Tis the season of spending long days traveling only to sit at a table with your family and eat a murdered turkey. If you’re still tired from talking politics during the last holiday season—and from trying to flip your right-wing relatives all year—perhaps consider a different approach: humor. Below are a few jokes that will allow you to offer an olive branch of peace.
The Avocado Joke

An avocado, an apple and a raisin are all enjoying breakfast together.
The avocado says, “I’m so glad that America is a melting pot where we admire each other’s differences.”
The apple says, “It’s so wonderful that we live in a place in which we appreciate people of all shapes, sizes and skin colors.”
Suddenly, the raisin grabs a pitcher of purple juice and pours it over all three of their heads.
The avocado and apple cry out in unison, “What did you do that for?”
The raisin replies, “I’m making America grape again!”
Knock-Knock Joke

Knock-knock!
Who’s there?
Bannon.
Bannon who?
A Bannon ever hearing this silly man’s name again, OK?
The Color Joke

What’s black, white and read all over?
The “failing” New York Times and Washington Post, whose subscriptions spiked to new heights this year!
The Classic Crayon Joke

Did you hear that Crayola is adding three colors to represent the new administration’s first year in office?
Yeah.
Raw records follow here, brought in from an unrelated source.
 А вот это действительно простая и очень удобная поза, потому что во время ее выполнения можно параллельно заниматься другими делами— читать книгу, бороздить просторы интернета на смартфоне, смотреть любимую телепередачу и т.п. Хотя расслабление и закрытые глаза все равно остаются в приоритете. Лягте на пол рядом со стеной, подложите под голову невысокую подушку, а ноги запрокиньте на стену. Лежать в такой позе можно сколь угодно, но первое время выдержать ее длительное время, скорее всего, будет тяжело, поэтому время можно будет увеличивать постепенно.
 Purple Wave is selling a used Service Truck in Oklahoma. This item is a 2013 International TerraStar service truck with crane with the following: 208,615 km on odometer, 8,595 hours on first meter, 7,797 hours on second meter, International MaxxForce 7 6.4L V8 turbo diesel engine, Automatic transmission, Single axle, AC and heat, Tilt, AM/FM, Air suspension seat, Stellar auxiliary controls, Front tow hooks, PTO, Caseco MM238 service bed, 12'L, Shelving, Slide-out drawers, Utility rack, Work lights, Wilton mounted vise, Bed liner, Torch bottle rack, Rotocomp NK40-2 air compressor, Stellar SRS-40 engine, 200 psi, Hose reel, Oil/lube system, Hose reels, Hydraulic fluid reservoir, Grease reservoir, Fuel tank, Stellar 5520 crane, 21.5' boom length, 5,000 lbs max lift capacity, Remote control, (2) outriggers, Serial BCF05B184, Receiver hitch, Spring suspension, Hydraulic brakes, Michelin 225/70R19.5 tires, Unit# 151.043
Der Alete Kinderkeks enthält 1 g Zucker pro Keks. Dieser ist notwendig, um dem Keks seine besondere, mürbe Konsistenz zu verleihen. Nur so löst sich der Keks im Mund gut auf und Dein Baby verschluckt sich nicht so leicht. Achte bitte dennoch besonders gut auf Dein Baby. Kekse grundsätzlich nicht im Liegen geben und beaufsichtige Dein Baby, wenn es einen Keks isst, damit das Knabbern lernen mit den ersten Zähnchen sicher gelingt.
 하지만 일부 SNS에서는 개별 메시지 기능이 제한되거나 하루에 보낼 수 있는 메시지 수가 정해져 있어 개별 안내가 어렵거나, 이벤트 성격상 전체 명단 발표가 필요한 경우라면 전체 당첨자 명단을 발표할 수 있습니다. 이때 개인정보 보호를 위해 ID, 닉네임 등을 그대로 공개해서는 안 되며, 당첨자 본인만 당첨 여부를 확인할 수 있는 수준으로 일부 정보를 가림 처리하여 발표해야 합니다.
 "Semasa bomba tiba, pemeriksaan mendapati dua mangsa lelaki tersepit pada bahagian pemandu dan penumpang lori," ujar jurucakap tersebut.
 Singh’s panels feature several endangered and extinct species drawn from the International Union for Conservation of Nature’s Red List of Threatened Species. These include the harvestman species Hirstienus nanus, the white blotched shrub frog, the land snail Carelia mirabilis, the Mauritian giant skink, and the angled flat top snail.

Cheeto Orange, Bowling Green and White Privilege!
Animal Jokes

What do you get when you take two horses and attach big horns, shaggy fur and giant hooves?
Fake gnus.
What do you get after you attach two big butts to each of those animals?
Bi-assed fake gnus.
The Media Joke

What do you call an industry with thousands of low-wage workers who risk their lives overseas, help the little guy fight for justice back home and routinely investigate health hazards, waste and corruption?
“Enemies of the people.”
The Bubblegum Joke

Why did Sean Spicer swallow so much gum during his eight months in the White House?
He wanted to be sure something would stick around for another seven years!